O que é um LFG?
LFG significa Logic Flow Graph (gráfico de fluxo lógico), que é utilizado para representar algoritmos lógicos em hardware ou software de computador. É uma espécie de fluxograma gráfico que contém símbolos que representam instruções e condições, bem como setas para mostrar o fluxo. Diz-se que os LFGs ajudam os programadores a conceber rapidamente sistemas que resolvem problemas difíceis.
Porque é que devo utilizar LFGs?
O uso de um gráfico de fluxo lógico ou LFG pode tornar a programação mais eficiente, gajudando os desenvolvedores a criar um código confiável e preciso com menos esforço e menos repetições. Quando os programas usam a lógica do estilo LFG, a depuração pode ser mais fácil - uma vez que os erros podem ser rastreados através do fluxograma. O formato visual também facilita a colaboração entre várias pessoas em projectos de codificação complexos.
Como posso criar um LFG?
Se você já tem alguma experiência em programação, criar um Logic Flow Graph é relativamente simples. Primeiro, determine quais operações você deseja que seu programa realize e defina-as em instruções lógicas. Em seguida, use símbolos padrão (existem várias versões) para mapear cada instrução na forma de um gráfico e vincular cada operação na ordem correta.
um LFG é diferente de outros diagramas de programação?
Ao contrário dos diagramas de árvore ou tabelas de decisão, que podem ser utilizados para fins semelhantes, os gráficos de fluxo lógico são únicos porque são bidimensionais e contêm símbolos específicos que estão visualmente ligados entre si de uma forma fácil de interpretar. Além disso, os diagramas de fluxo lógico tendem a ter mais linhas do que outros diagramas quando mostram algoritmos complexos.
Existem desvantagens ou sacrifícios na utilização de GFV?
Uma consideração importante quando se trabalha com gráficos de fluxo lógico é o facto de serem complexos e exigirem uma experiência de programação significativa. Muitas vezes, os erros implicam a localização manual de erros em várias páginas ou secções do GFL, o que é difícil se não souber como funcionam os programas. Além disso, há muitos símbolos a aprender antes de poder criar um bom GFL.
Um gráfico de fluxo lógico pode ajudar na depuração de software?
Um gráfico de fluxo lógico pode ser uma ferramenta útil para a depuração no desenvolvimento de software.

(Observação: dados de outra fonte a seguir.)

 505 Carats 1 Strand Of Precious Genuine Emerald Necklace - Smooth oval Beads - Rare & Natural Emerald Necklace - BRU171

Ao dividir um programa em passos lógicos e mapear o fluxo de dados entre eles, é muito mais fácil identificar onde pode estar a ocorrer um erro. E como um LFG fornece uma visão de alto nível do programa, ele pode ajudá-lo a identificar possíveis problemas antes que eles ocorram.
Quais são algumas dicas avançadas para trabalhar com GFV?

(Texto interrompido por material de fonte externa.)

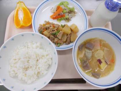 今日の給食は、ごはん、さつまじる、大根と豚肉の煮物、やさいのゆかりあえ、くだもの(はるみ)です。

Ao trabalhar com gráficos de fluxo lógico, uma boa dica é lembrar-se de verificar as ligações entre operações depois de fazer alterações ou actualizações. Elas precisam de validação - caso contrário, seu programa pode encontrar erros em tempo de execução. Além disso, tenha em atenção as fontes de informação externas, como as bases de dados, que podem exigir testes adicionais após a realização de actualizações.
Trabalhar com LFGs exige conhecimentos profundos de programação?
Em geral, sim, embora com alguma prática se possa ficar relativamente confortável com os GFV num curto espaço de tempo. Mas antes de começar, deve ter um bom conhecimento da linguagem de programação que está a utilizar e dos vários símbolos utilizados para exprimir o fluxo de informação no GFV.
Em que é que os LFGs são melhores do que outras técnicas de programação?
A principal vantagem de um LFG é a sua capacidade de representar algoritmos complicados de uma forma visualmente clara que pode ser compreendida pelos programadores - mesmo que não o tenham ajudado a escrever o LFG. Com símbolos padronizados para cada operação, a codificação pode ser mais rápida. E uma vez que os nós e as setas mostram claramente o fluxo lógico do programa, o seu GFL também pode ajudar a encontrar erros.
Como posso começar a criar gráficos de fluxo lógico?
Algumas dicas de "iniciação" para LFGs incluem começar pequeno - comece com um gráfico de exemplo para se familiarizar com o básico. Tente dividir as tarefas em partes pequenas e manejáveis com os seus próprios nós e operações. Reveja a sua lógica em cada passo, para detetar erros antes que estes causem mais problemas numa fase posterior. E use rótulos significativos para nós, operações e assim por diante - isso facilita a leitura do gráfico para outras pessoas, incluindo o programador que pode estar executando seu projeto.